A basic block is defined as a sequence of (non-jump) instructions ending with a jump (direct or indirect) instruction. The jump target address should be the start of another basic block. Consider I have the following assembly code :
106ac: ba00000f blt 106f0 <main+0xb8>
106b0: e3099410 movw r9, #37904 ; 0x9410
106b4: e3409001 movt r9, #1
106b8: e79f9009 ldr r9, [pc, r9]
106bc: e3a06000 mov r6, #0
106c0: e1a0a008 mov sl, r8
106c4: e30993fc movw r9, #37884 ; 0x93fc
106c8: e3409001 movt r9, #1
106cc: e79f9009 ldr r9, [pc, r9]
106d0: e5894000 str r4, [r9]
106d4: e7941105 ldr r1, [r4, r5, lsl #2]
106d8: e1a00007 mov r0, r7
106dc: e12fff31 blx r1
106e0: e0806006 add r6, r0, r6
106e4: e25aa001 subs sl, sl, #1
106e8: e287700d add r7, r7, #13
106ec: 1afffff4 bne 106c4 <main+0x8c>
106f0: e30993d0 movw r9, #37840 ; 0x93d0
106f4: e3409001 movt r9, #1
bb1
106a4: ...
106ac: ba00000f blt 106f0 <main+0xb8>
The first basic block bb1 has a target address which is the start of bb4.
bb2
106b0: e3099410 movw r9, #37904 ; 0x9410
.... All other instructions
106c4: e30993fc movw r9, #37884 ; 0x93fc
.... All other instructions
106d8: e1a00007 mov r0, r7
106dc: e12fff31 blx r1
The second basic block bb2 has an indirect branch so the target address is known only at runtime.
bb3
106e0: e0806006 add r6, r0, r6
106e4: e25aa001 subs sl, sl, #1
106e8: e287700d add r7, r7, #13
106ec: 1afffff4 bne 106c4 <main+0x8c>
The third basic block has a target address which is not the start of another basic block but it is in the middle of bb2. According to the definition of a basic block, it is not possible.
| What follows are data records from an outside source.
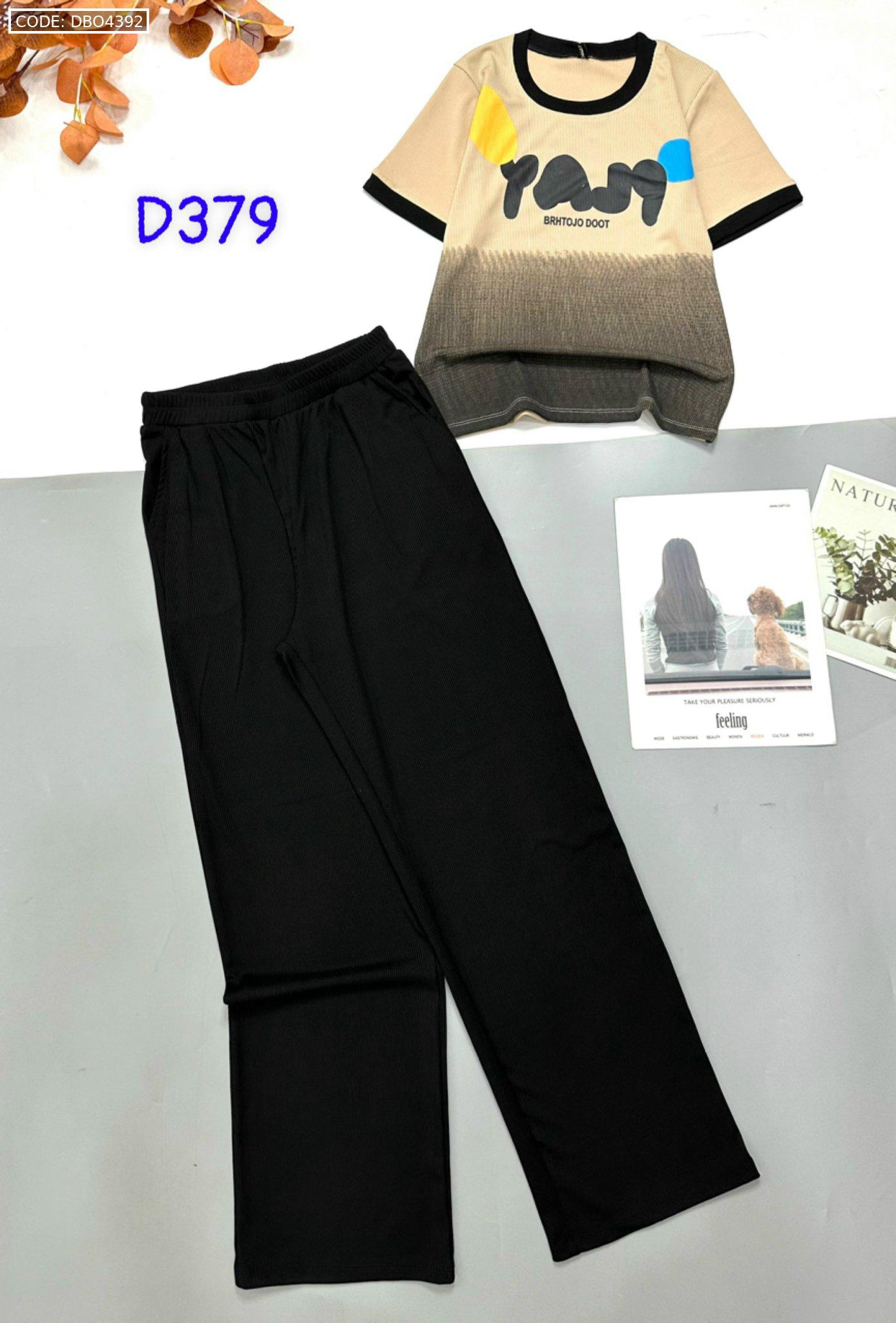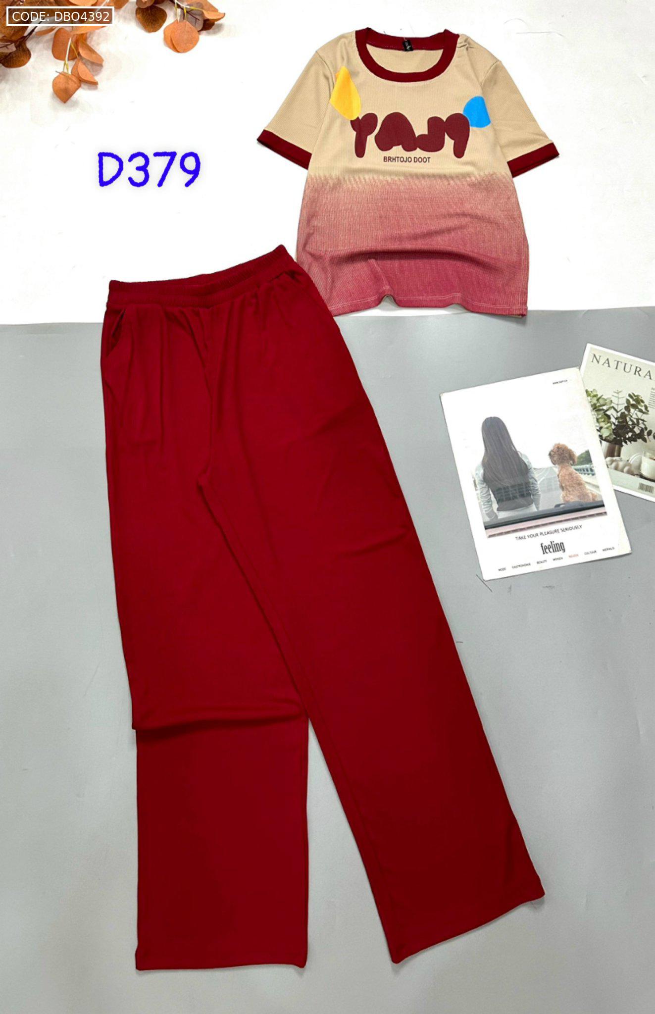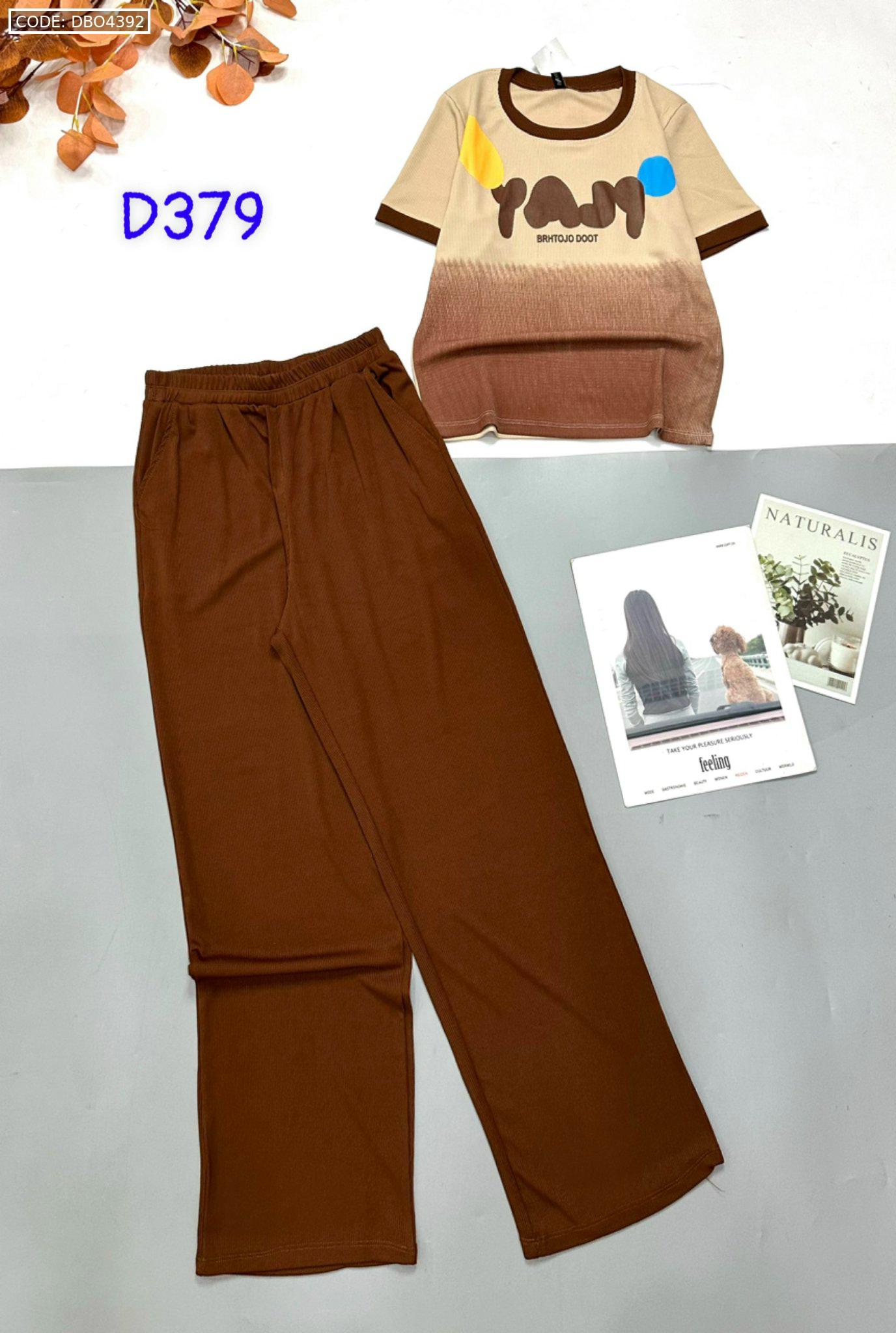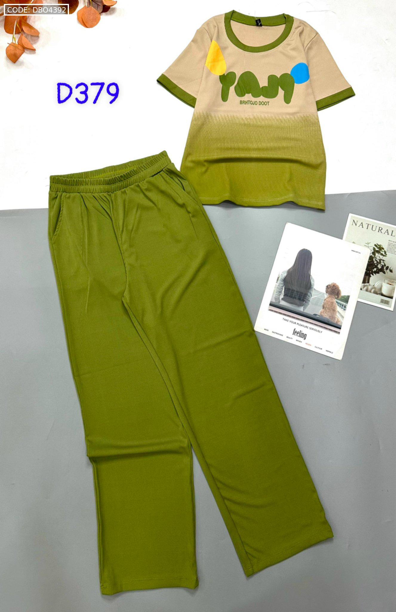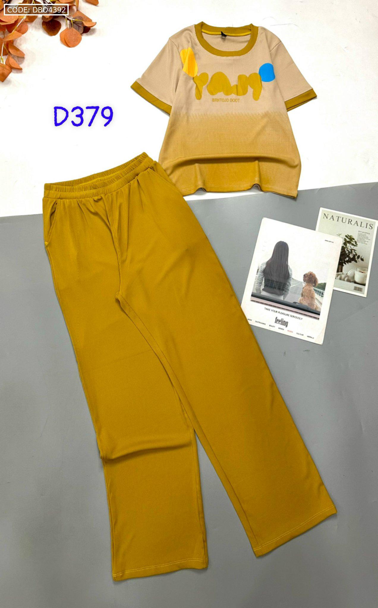 Đồ bộ tăm lạnh quần dài áo cổ tròn tay ngắn in chữ YAJ9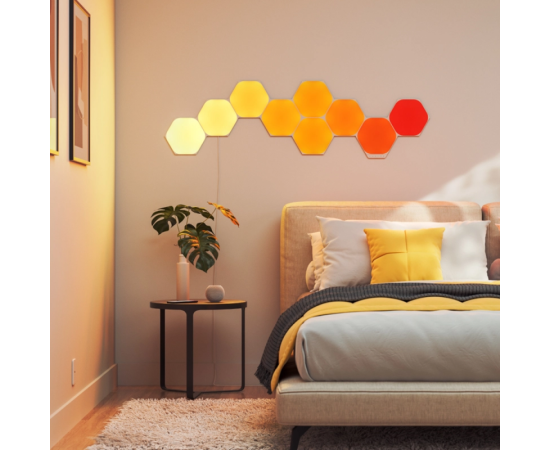 Pentru instalare, trebuie doar sa fixezi pe perete panourile cu banda dublu-adeziva inclusa, fara gauri. Nanoleaf Shapes sunt proiectate cu tehnologia Connect+ pentru a functiona impreuna cu alte forme din gama, oferind posibilitati nelimitate de iluminare, design si integrare cu accesoriile casnice din decorul locuintei tale inteligente.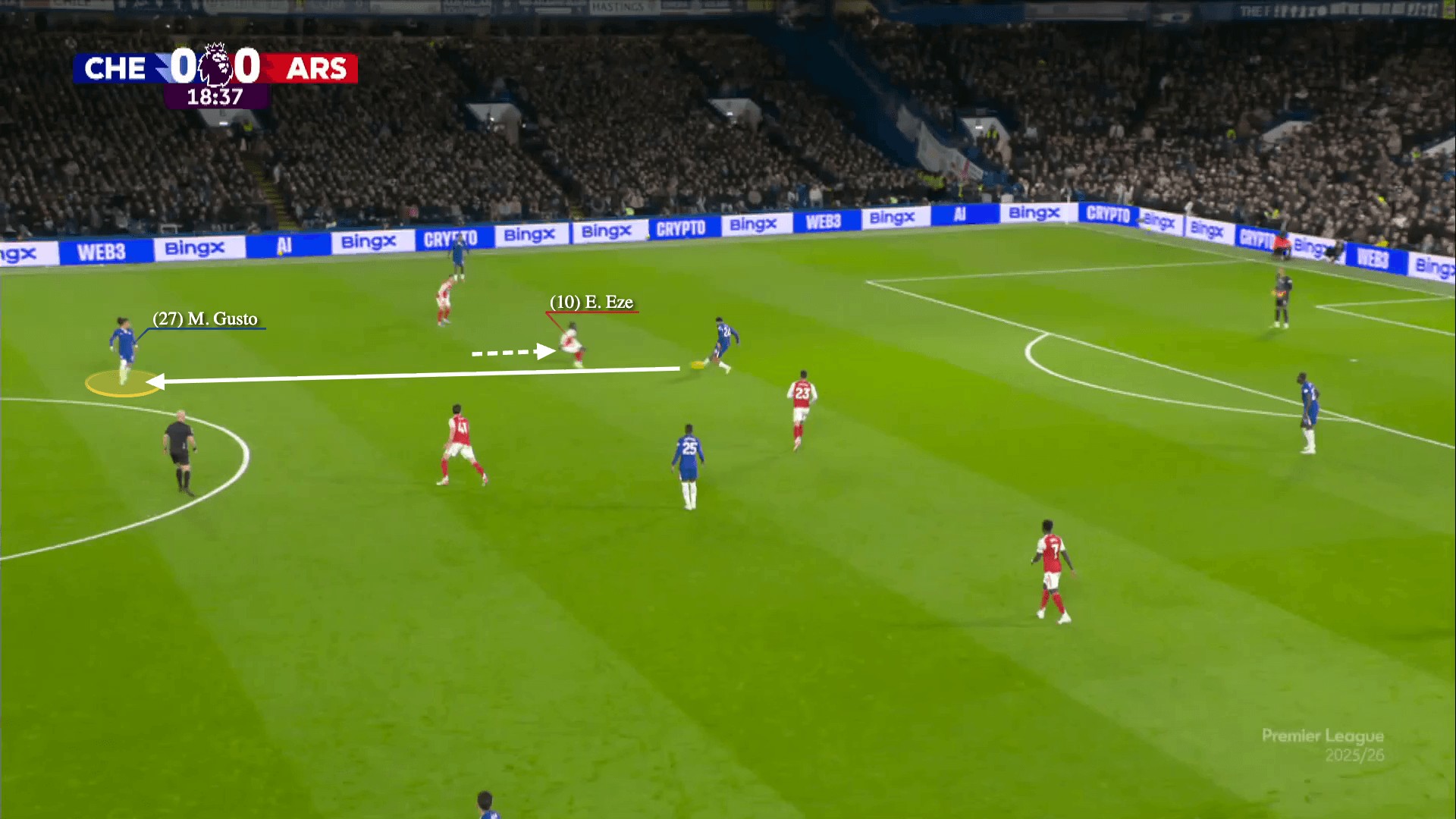 本賽季11月馬雷斯卡執(zhí)教的切爾西,也曾用這套方式1-1逼平阿森納:控球時讓福法納客串右后衛(wèi),詹姆斯與古斯托交替換位,硬生生撕開了阿森納的逼搶體系。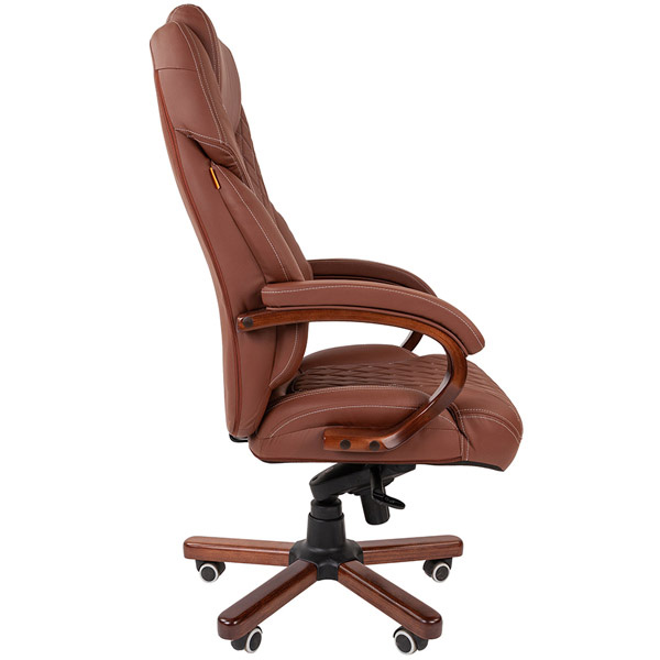 Обивка Экопремиум Подлокотники Деревянные с мягкими накладками обитыми экокожей Механизм качания Механизм качания повышенной комфортности с возможностью фиксации кресла в любом положении Крестовина Металлическая крестовина, деревянные накладки, защитные пластиковые элементы. Газпатрон 3 класса по стандарту Germany DIN 4550 Ролики Стандарт BIFMA 5,1 США. Диаметр штока 11 мм. Каркас Немонолитный Набивка кресла Стандартный поролон плотности 22-40 кг/м3

But, in practice, I am seeing this behavior (jumps in the middle of basic blocks) in multiple places. How to explain this behavior ? Is it possible to force a compiler (LLVM) to generate code that does not jump anywhere else except at the beginning of a basic block ?
bb4
106f0: e30993d0 movw r9, #37840 ; 0x93d0
106f4: e3409001 movt r9, #1
....
Ends with a branch (direct or indirect)
I am generating basic blocks using a tool (SPEDI) and the compiler used is LLVM (CLANG front end) and the targeted architecture is ARM V7 Cortex-A9.